1. Michael Keaton, Birdman
2. Eddie Redmayne, The Theory of Everything
3. Benedict Cumberbatch, The Imitation Game
4. David Oyelowo, Selma
5. Bradley Cooper, American Sniper
6. Steve Carell, Foxcatcher
7. Timothy Spall, Mr. Turner
8. Jack O'Connell, Unbroken
9. Joaquin Phoenix, Inherent Vice
10. Ralph Fiennes, The Grand Budapest Hotel
People are excited about Carell in Foxcatcher, but that reeks of an Albert Brooks- or Bill Murray-type snub. Keaton is the early favorite, but if there's anyone to watch out for here, it's Cooper, who gained weight and, presumably, gravitas to play the tortured former sniper Chris Kyle. (I mean, check out the poster. That screams Eastwood, and Oscar.) If that movie catches on, Cooper could leap to the top.

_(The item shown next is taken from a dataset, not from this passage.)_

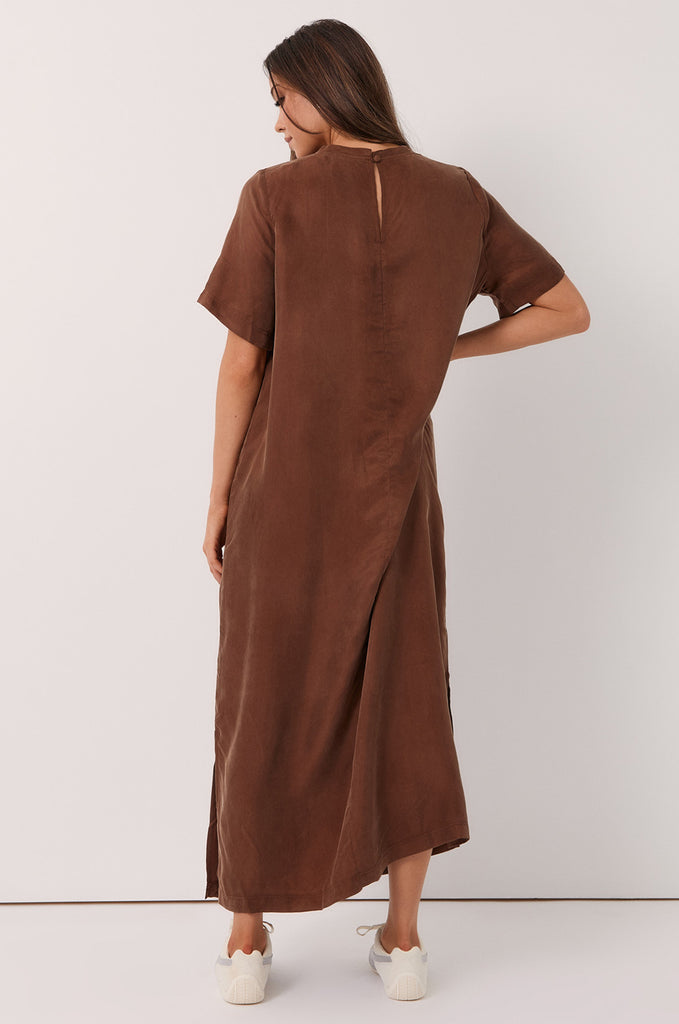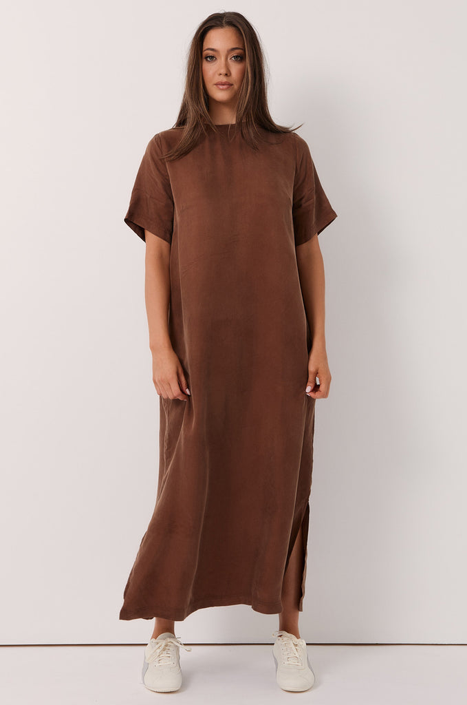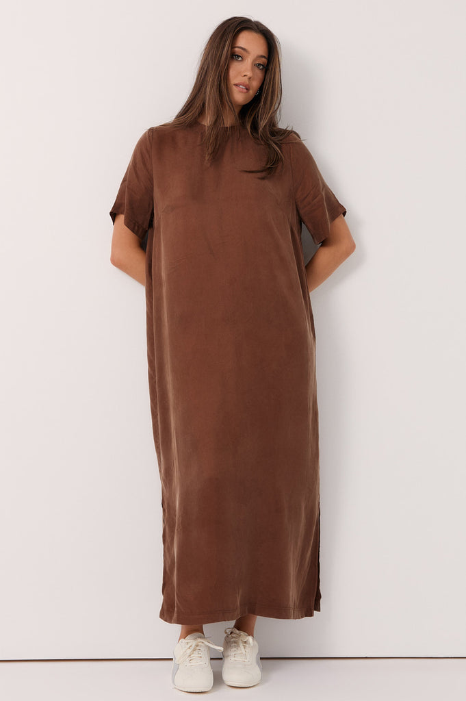 The Ryan Cupro Maxi Dress in Chocolate is crafted from a soft cupro-viscose blend in a oversized silhouette. Designed with a round neckline, short sleeves, and a side split, it’s an effortless piece for day-to-night wear.

By the way, Phoenix appears to be the only thing from Inherent Vice that seems to have much hope, with the possible exception of Josh Brolin: By all accounts, the movie's a little too shaggy-dog to be a serious Oscar contender.

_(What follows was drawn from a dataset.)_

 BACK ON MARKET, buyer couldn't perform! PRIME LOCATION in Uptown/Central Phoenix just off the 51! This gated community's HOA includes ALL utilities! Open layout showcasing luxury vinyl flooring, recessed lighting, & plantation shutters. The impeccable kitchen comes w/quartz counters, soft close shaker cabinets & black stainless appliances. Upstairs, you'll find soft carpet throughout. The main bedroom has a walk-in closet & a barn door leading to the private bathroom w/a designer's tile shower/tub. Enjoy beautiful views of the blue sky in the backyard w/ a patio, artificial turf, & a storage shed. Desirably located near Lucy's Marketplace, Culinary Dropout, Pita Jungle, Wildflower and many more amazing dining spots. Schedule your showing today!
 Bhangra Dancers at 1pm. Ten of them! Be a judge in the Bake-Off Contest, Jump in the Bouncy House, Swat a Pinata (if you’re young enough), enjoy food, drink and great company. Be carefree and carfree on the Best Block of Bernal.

1. Julianne Moore, Still Alice
2. Rosamund Pike, Gone Girl
3. Reese Witherspoon, Wild
4. Felicity Jones, The Theory of Everything
5. Jessica Chastain, A Most Violent Year
6. Amy Adams, Big Eyes
7. Shailene Woodley, The Fault in Our Stars
8. Marion Cotilliard, Two Days One Night
9. Emily Blunt, Into the Woods
10. Anne Hathaway, Interstellar
This is as close to a lock as we have, really: Moore's performance as a woman diagnosed with early-onset Alzheimer's is generally considered the movie that's going to win her an Oscar she's long overdue for. It's difficult to see anyone challenging her, really.
BEST SUPPORTING ACTOR
1. Edward Norton, Birdman
2. J.K. Simmons, Whiplash
3. Ethan Hawke, Boyhood
4. Mark Ruffalo, Foxcatcher
5. Tom Wilkinson, Selma
6. Josh Brolin, Inherent Vice
7. Robert Duvall, The Judge
8. Albert Brooks, A Most Violent Year
9. Christoph Waltz, Big Eyes
10. Neil Patrick Harris, Gone Girl
Strange category this year: Simmons gives the most heralded performance, but Norton in Birdman feels like a comeback. And if Foxcatcher gets some momentum, Ruffalo is due as well. It's actually sort of thin, which is why I felt like throwing the host in there at the end.
BEST SUPPORTING ACTRESS
1. Patricia Arquette, Boyhood
2. Keira Knightley, The Imitation Game
3. Emma Stone, Birdman
4. Jessica Chastain, Interstellar
5. Meryl Streep, Into the Woods
6. Vanessa Redgrave, Foxcatcher
7. Laura Dern, Wild
8. Carmen Ejogo, Selma
9. Sienna Miller, American Sniper
10. Kim Dickens, Gone Girl
If Boyhood has a best bet, it's probably Arquette here, who gives the movie's bravest, sturdiest performance. Knightley and Stone are right on her heels, and, of course, Meryl Streep has to be in this category, because otherwise we'd all be lost and confused.
Also, "Everything Is Awesome" from The Lego Movie will be nominated and performed at the Oscars, so start putting together your dream performer list on that one. If they have any time after the Robin Williams tribute, they'll fit it in.